- Born: 15 April 1915 Eganville
- Died: 7 July 1987 (aged 72)
- Resting place: St. James Cemetery, Eganville
- Education: St. Patrick's College University of Toronto
- Occupation: Priest
- Board member of: Loyalist College, Sir Sandford Fleming College
- Parent(s): Martin James Maloney Mary Margaret Maloney
- Relatives: James A. Maloney (brother) Patrick J. Maloney (brother) Arthur Maloney (brother) Margaret Goden (sister) Mary Anthony Bonfield (sister) Elanor Lyons (sister) Anna Lyons (sister) Frances French (sister)

Ecclesiastical career
- Religion: Christianity
- Church: Roman Catholic Church
- Ordained: 1941
- Congregations served: Our Lady of Mercy Church, Bancroft

= Henry Joseph Maloney =

Canadian priest (1915-1987)

Henry Joseph Maloney (15 April 1915 – 7 July 1987) was a Canadian priest, a school and college governor, and community leader based in Bancroft, Ontario.

Maloney was born in Eaganville in 1915, as the son of physician and politician Martin James Maloney.
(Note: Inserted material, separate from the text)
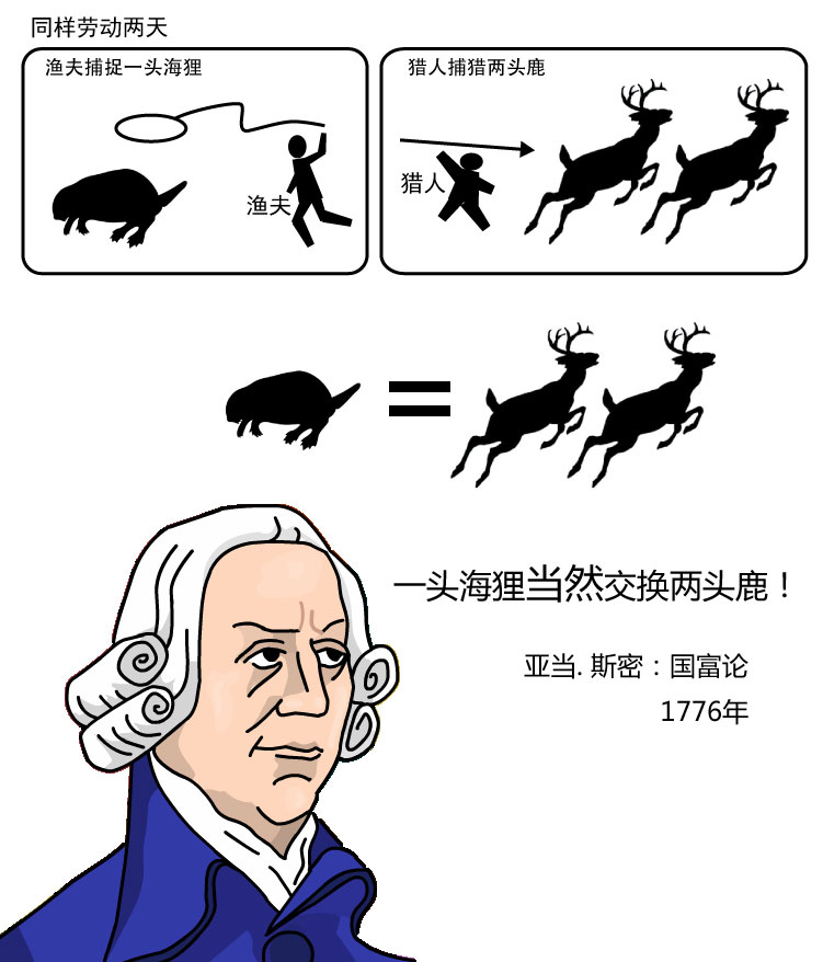 在两百多年前出版的《国富论》(国民财富的性质和原因的研究)中,英国经济学家亚当. 斯密说:“在资本累积和土地私有尚未发生以前的初期野蛮社会,获取各种物品所需要的劳动量之间的比例,似乎是各种物品相互交换的唯一标准。例如,一般地说,狩猎民族捕杀海狸一头所需要的劳动,若二倍于捕杀鹿一头所需要的劳动,那末,海狸一头当然换鹿二头。”【1-1】

His three brothers included James Maloney who became a politician and Arthur Maloney who became a politician and the Ontario Ombudsman.

He was the founder of Our Lady of Mercy Separate School and credited for getting Bancroft connected to the Canadian telephone network. He was the first chair of the board of Loyalist College.

In the 1960s, Maloney persuaded the Canadian prime minister John Diefenbaker to sell uranium mined in Canada to the United Kingdom. As a result of his lobbying and negotiations, the closure of the two mines was postponed.

After Maloney's death, Canadian Broadcasting Corporation and The Bancroft Times reported on allegations of him perpetuating a sexual assault.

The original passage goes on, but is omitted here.